If the binary mode is used to pass query parameters to the server and query results back to the client, no encoding conversion is performed. In this case, an encoding declaration in the XML data is observed. If the encoding declaration is missing, the data is assumed to be in UTF-8. This is required by the XML standard. Note that PolarDB for PostgreSQL (Compatible with Oracle) does not support UTF-16. Upon output, data has an encoding declaration that specifies the client encoding unless the client encoding is UTF-8. If the client encoding is UTF-8, the encoding declaration is omitted.

It is less error-prone and more efficient to process XML data with PolarDB for PostgreSQL (Compatible with Oracle) if the XML data encoding, client encoding, and server encoding are the same. Because XML data is internally processed in UTF-8, computations are the most efficient if the server encoding is also UTF-8.

Important

Some XML-related functions may not be applicable to non-ASCII data if the server encoding is not UTF-8. Especially, this is known to be an issue for xmltable() and xpath().

Access XML values

The XML type does not provide comparison operators.
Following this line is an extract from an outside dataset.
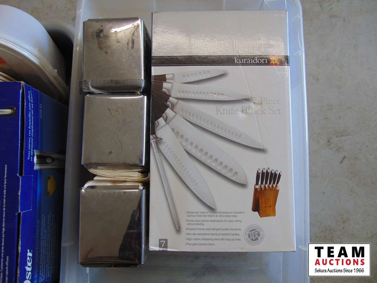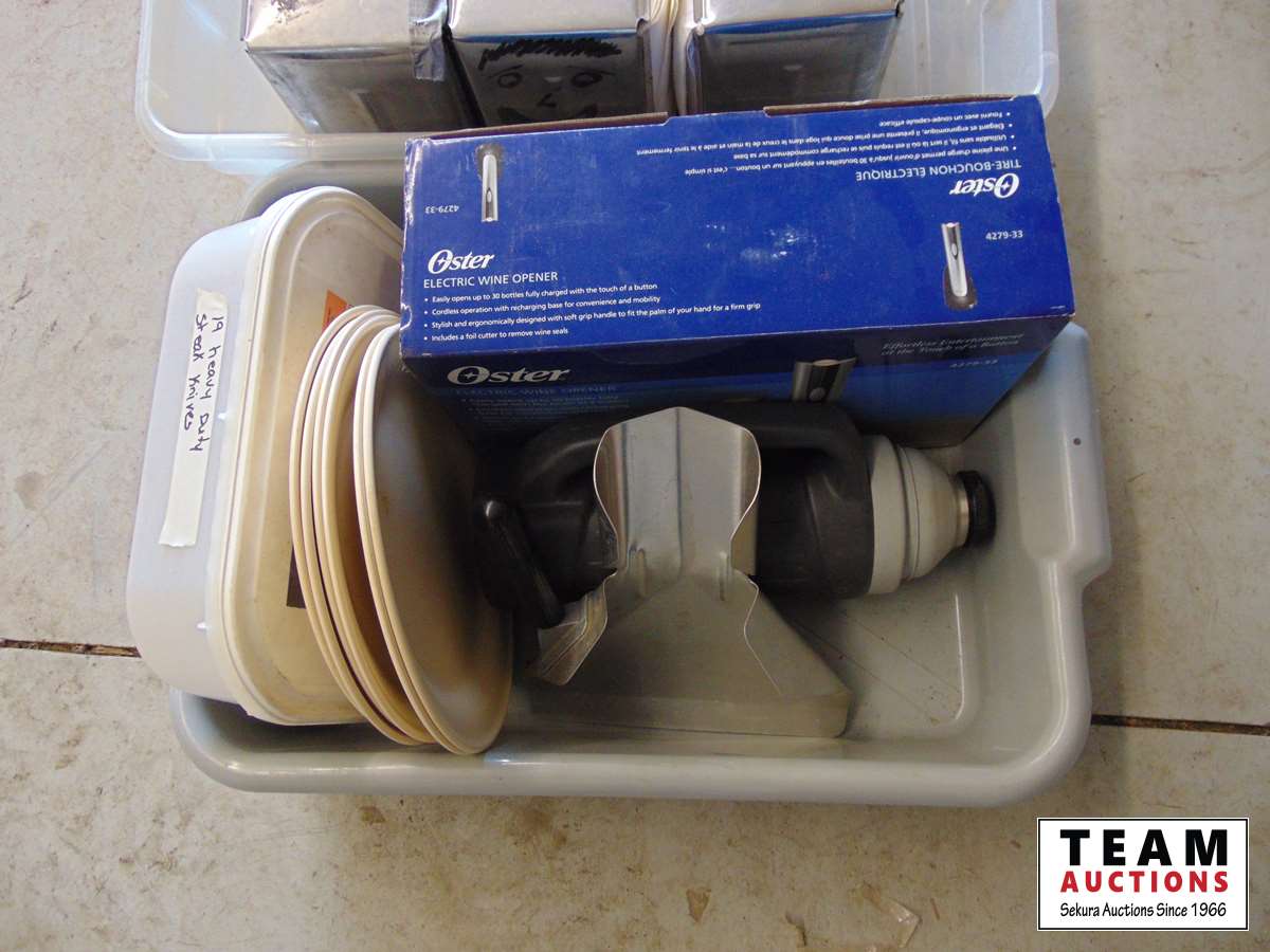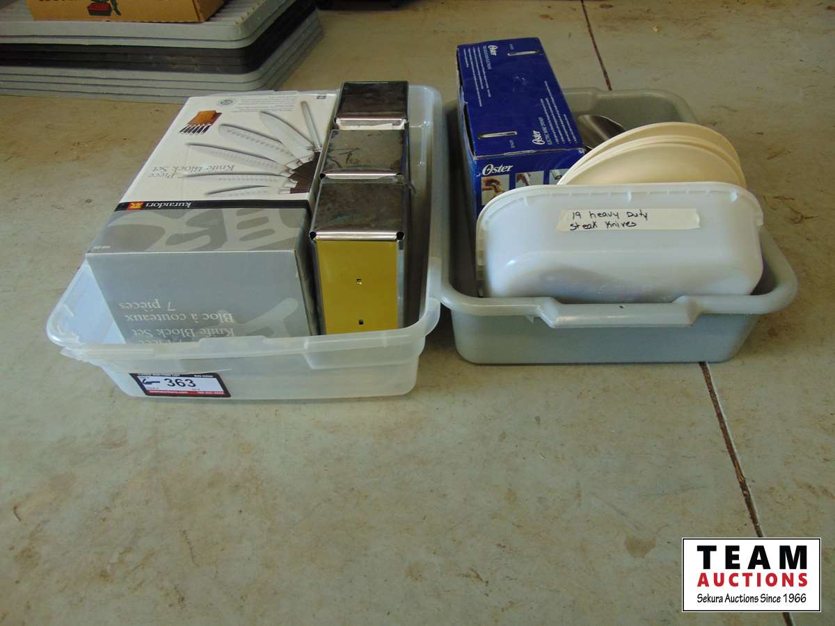 7 piece knife set, electric wine opener, (19) heavy duty steak knives, napkin dispensers & miscellaneous

This is because no well-defined and general comparison algorithm is available for XML data. As a result, you cannot retrieve rows by comparing an XML column against a search value. Therefore, in most cases, XML values are accompanied by a separate key field such as an ID field. Alternatively, you can compare XML values by converting the XML values into character strings first. However, character string comparison is not useful for the XML comparison method.

No comparison operators are available for the XML type. Therefore, you cannot directly create an index on an XML column. If you want to query XML data in a quick manner, you can use one of the following possible solutions: Cast the expression to a character string and index the character string, or index an XPath expression. Of course, the actual query must be adjusted to use the indexed expression.

The text search feature of PolarDB for PostgreSQL (Compatible with Oracle) can also be used to accelerate full-text searches of XML data. However, the necessary preprocessing support is unavailable in the PolarDB for PostgreSQL (Compatible with Oracle) distribution.